Amira sits, fixes her hijab. She rests her long hands on a table, moves them to her lap, then back to the table. She cracks a knuckle and smiles. Clerics beyond the shelter's walls regard Amira as a stain against Islam in a country that prays five times a day. Even indifferent Cairo, a capital crowded with 17 million people, about 40% of whom live on $2 a day or less, groans at the prospect of another life born to the streets.
Amira has scars, and sometimes she hides in gardens.
A young man cut her face and arm with a knife when she was 10. He thought she was a prostitute, and when he realized she wasn't, he got mad. Another man offered to buy one of her kidneys and sell it on the black market. He told her that young organs fetch the best prices; they aren't damaged and can bring in about $16,000. Seems everyone wants a piece of a homeless girl. But Amira wants her kidney; just like she wants Randa and this new one pushing at her from the inside. She says they all belong to God, and you can't sell what God has given you.
"A woman came to me once and offered 5,000 pounds for my baby" -- about $900 -- Amira says. "She said she couldn't have children and that she'd protect my child. I refused. Once I was sleeping in a garden and someone tried to kidnap her while she was sleeping in my arms."

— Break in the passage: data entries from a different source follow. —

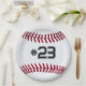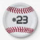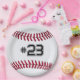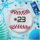 Fecho extremo de uma bola branca de basebol com pontos vermelhos e número. Número editável.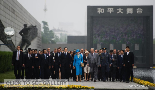 The hall recorded the darkest history of the city. History cannot be changed but lessons can be learned, the Queen said when arriving in Nanjing on Saturday.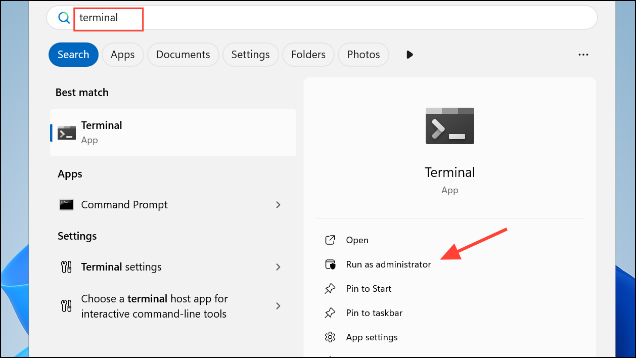 Step 3: In the results, right-click Windows Terminal and choose Run as administrator. Alternatively, click the small arrow next to the app and select Run as administrator from the expanded options.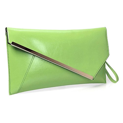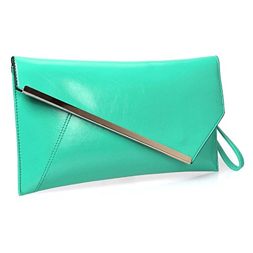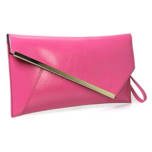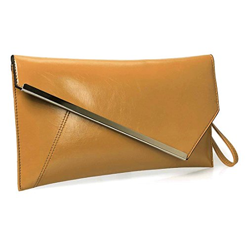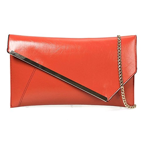 BMC Fashionably Chic Bright Orange Faux Leather Gold Metal Accent Envelope Style Statement Clutch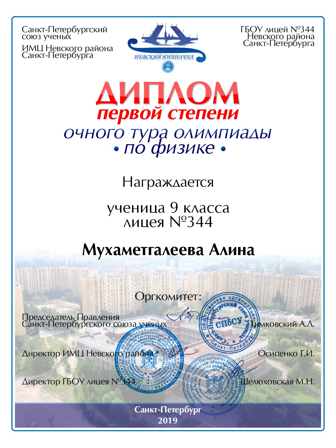 Мухаметгалеева Алина 344 9 16 Диплом 1 степени
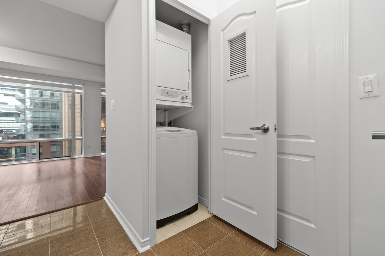 This Spacious One-Bedroom Offers 595 Square Feet Of Thoughtfully Designed Living Space. The Modern, Open-Concept Kitchen Features A Breakfast Bar That Seamlessly Connects To The Living And Dining Areas. Residents Can Enjoy A Variety Of Amenities, Including A Concierge, Gym, And A Rooftop Terrace With BBQs, Along With A Party Room And Lounge, Movie Theatre, And Golf Simulator For Added Entertainment. Situated In The Heart Of The City, This Property Offers Unmatched Proximity To The Subway, Financial District, Entertainment District, And The Lively Neighbourhoods Of King And Queen West, With Easy Access To The Gardiner Expressway. Experience Toronto's Finest Restaurants, Theatre, Shopping, And Vibrant City Life Right At Your Doorstep!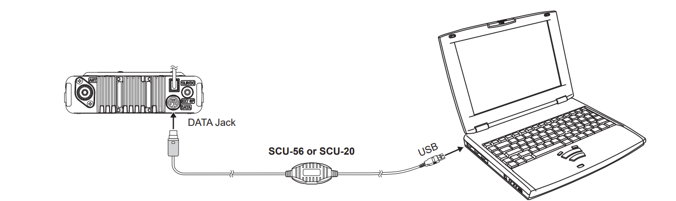 Das enthaltene SCU-56 Datenkabel kann auch zur Programmierung der Speicherkanäle genutzt werden.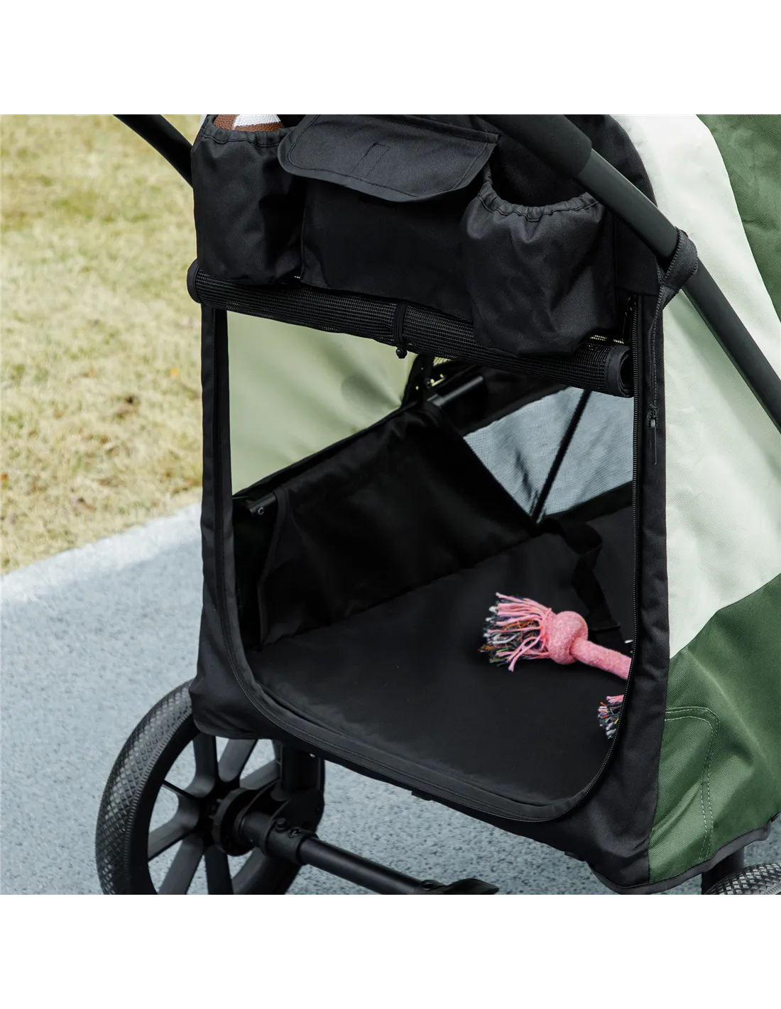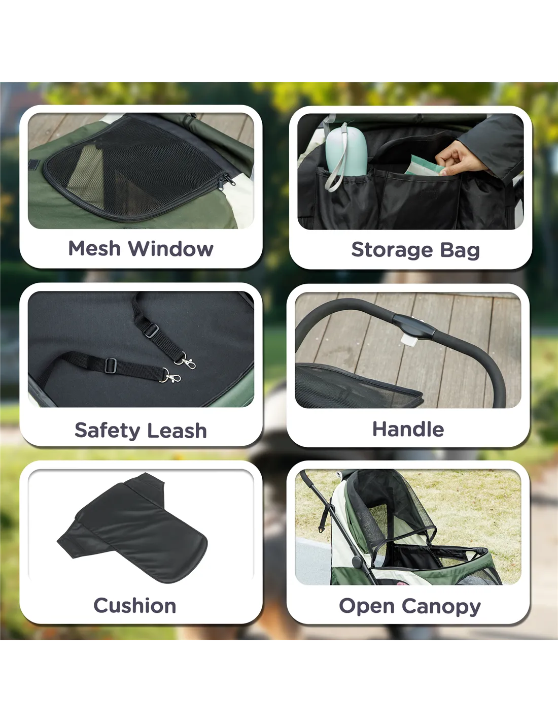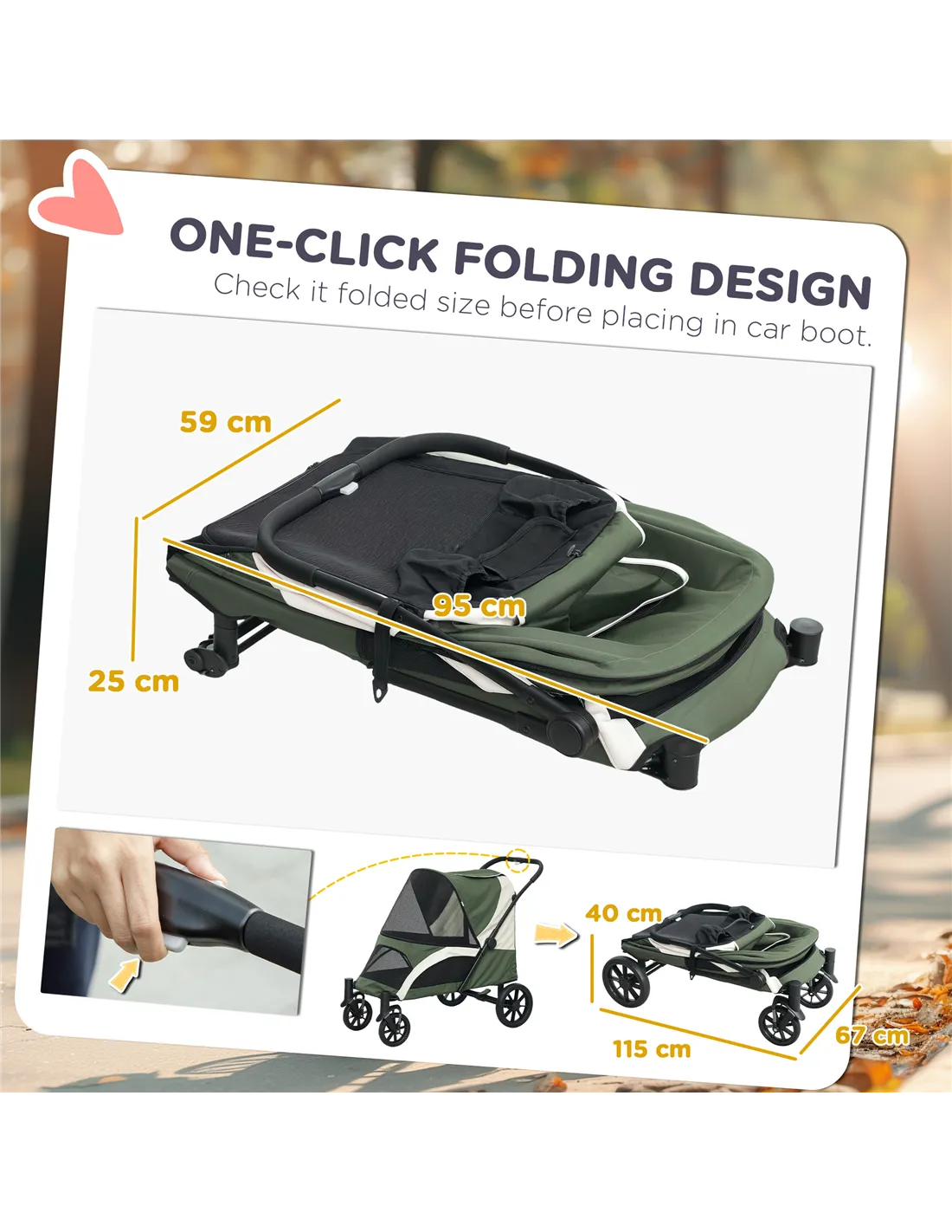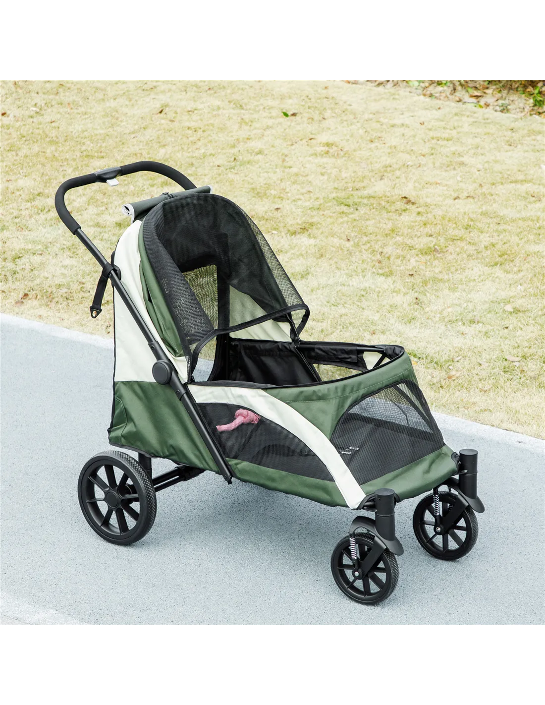 PawHut Foldable Pet Stroller for Large Dogs with Four Big Wheels, Shock-Absorbing Frame, Safety Leashes, Brakes, Dark Green

Amira hasn't slept in her own mother's arms in years. "I never miss my mom because I hate her," she says.
"She abandoned us to live with a rich man. She should have been content with what we had."
Amira is not always content, either, although there was that night in her stolen dress, when she walked to Ahmed's coffee shop and stood in the window until the waiter invited her home. "We exchanged glances," she says, "and then he came to me and I told him that I could not find a place to sleep, so he took me to his hut and there I did it with him."

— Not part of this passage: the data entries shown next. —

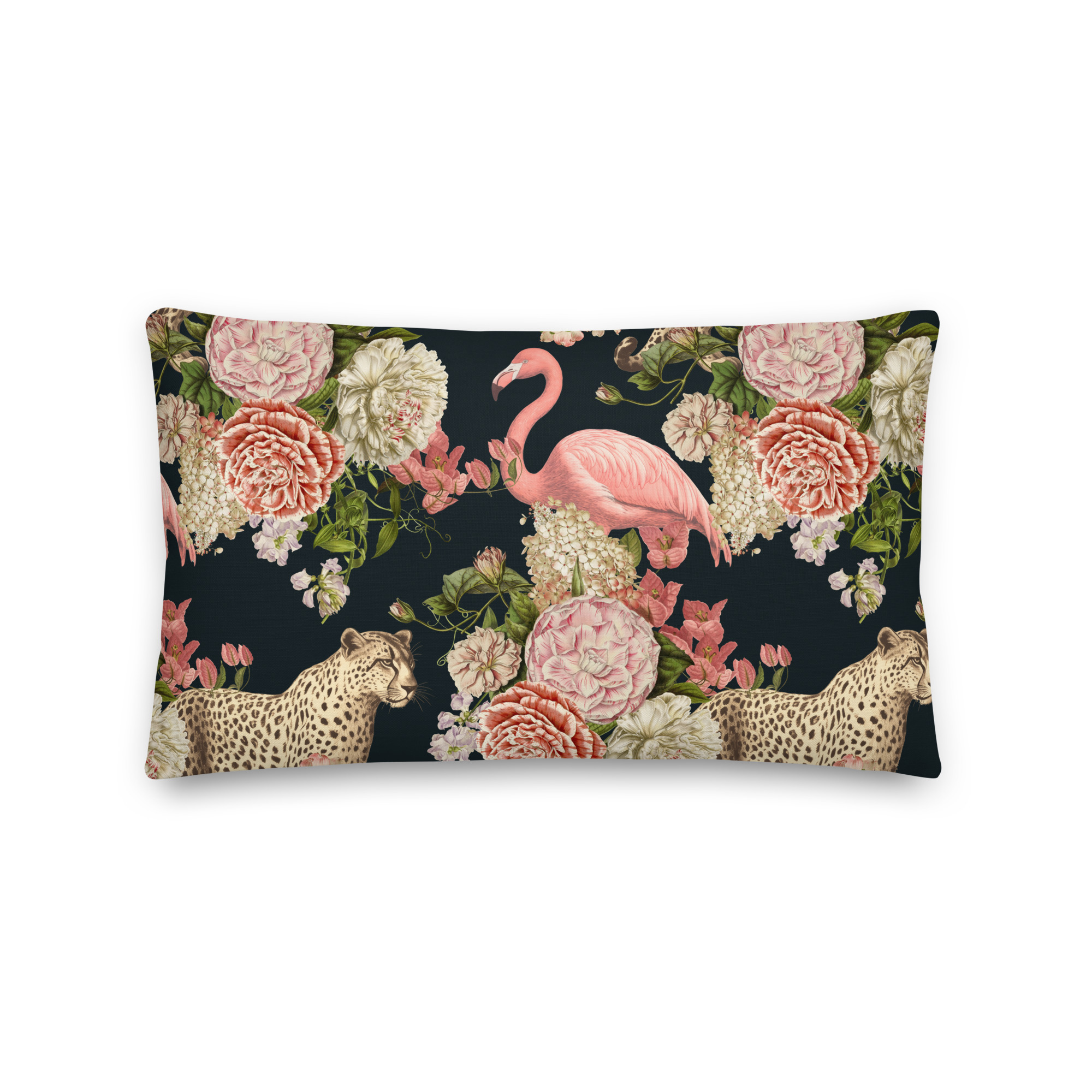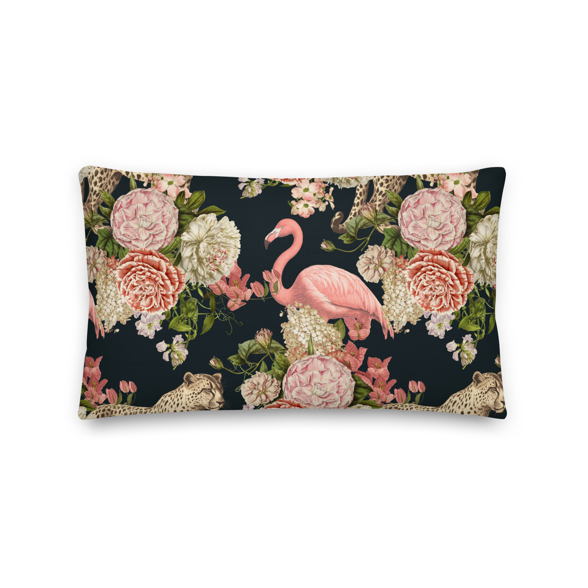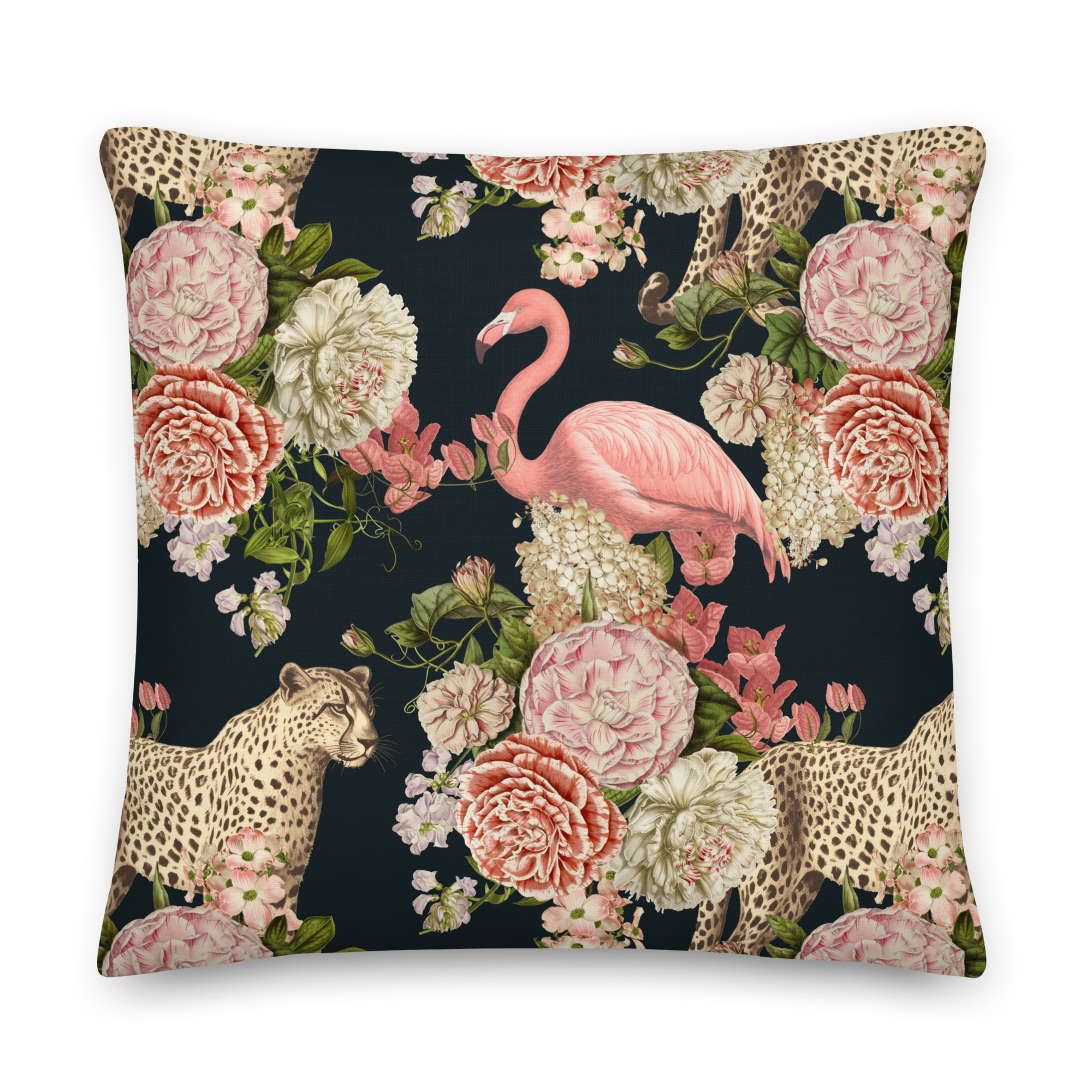 Flamingo Cheetah Floral Premium Pillow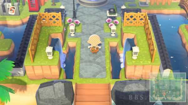入口,从机场出来直到服务处的路 用两个一层瀑布包围道路是最开始的想法,因为制造瀑布后必会多出一排空白的悬崖,我喜欢使用一些家具或者花朵进行装饰,这里使用的是栅栏和花园灯。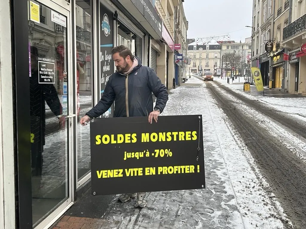 Les soldes ont commencé sous la neige en Sarthe, ce mercredi 7 janvier 2026. © Le Maine Libre

She later became pregnant with Randa. She gave birth at the shelter. She left Ahmed and tried living in an apartment near her father, but one day she bundled her child and slipped back to the dust and grit, the noise and broken bottles of the streets, where glue fumes calm restless boys amid the smoke of grilled corn and the scents of subsidized bread.
"The streets are free," she says. "You can come and go. I am loved by everyone on the streets. . . . We eat and sleep and go to the Arguda neighborhood, and I beg for 30 pounds. My boyfriend buys glue. I buy food."
Her boyfriend these days is Tamir, a 19-year-old Christian Copt who lost one arm in a car accident and has a history on the street. She doesn't love Tamir like she loves Ahmed. She likes him. He is adventure. He is her unborn baby's father. They were married. Not a real marriage, an "urfi marriage," a ceremony with two witnesses and a signed piece of paper, a temporary arrangement that circumvents Islamic law, like when rich sheiks from the Persian Gulf want sex partners during vacations in Egypt.
But for Amira and Tamir, it was a declaration of want and need, a way of letting other street kids know that two lives have tangled into one, and that though it may not last, it's something to hold on to in a world of bartered kidneys and no running water.
Then Amira got mad at Tamir. Maybe it was his glue habit, maybe his wild nature. Or maybe it was because he beat her. She ripped up the false marriage paper and after a while headed to the shelter.
So she sits, cracking her knuckles beneath a Mickey Mouse dangling from a cabinet as if to say, yes, even a girl with a daughter on her hip and knife marks on her skin can still be a child. The shelter echoes with other girls, the gurgling of babies and toddlers. It is safe, she can bathe, clean her clothes, put bows in Randa's hair.
Will she stay? Return to Ahmed? To Tamir?
The future. What can a 13-year-old homeless mother say about the future? She'd like to learn to sew, to work in a factory, to watch her children grow. But that's just a girl talking like a woman.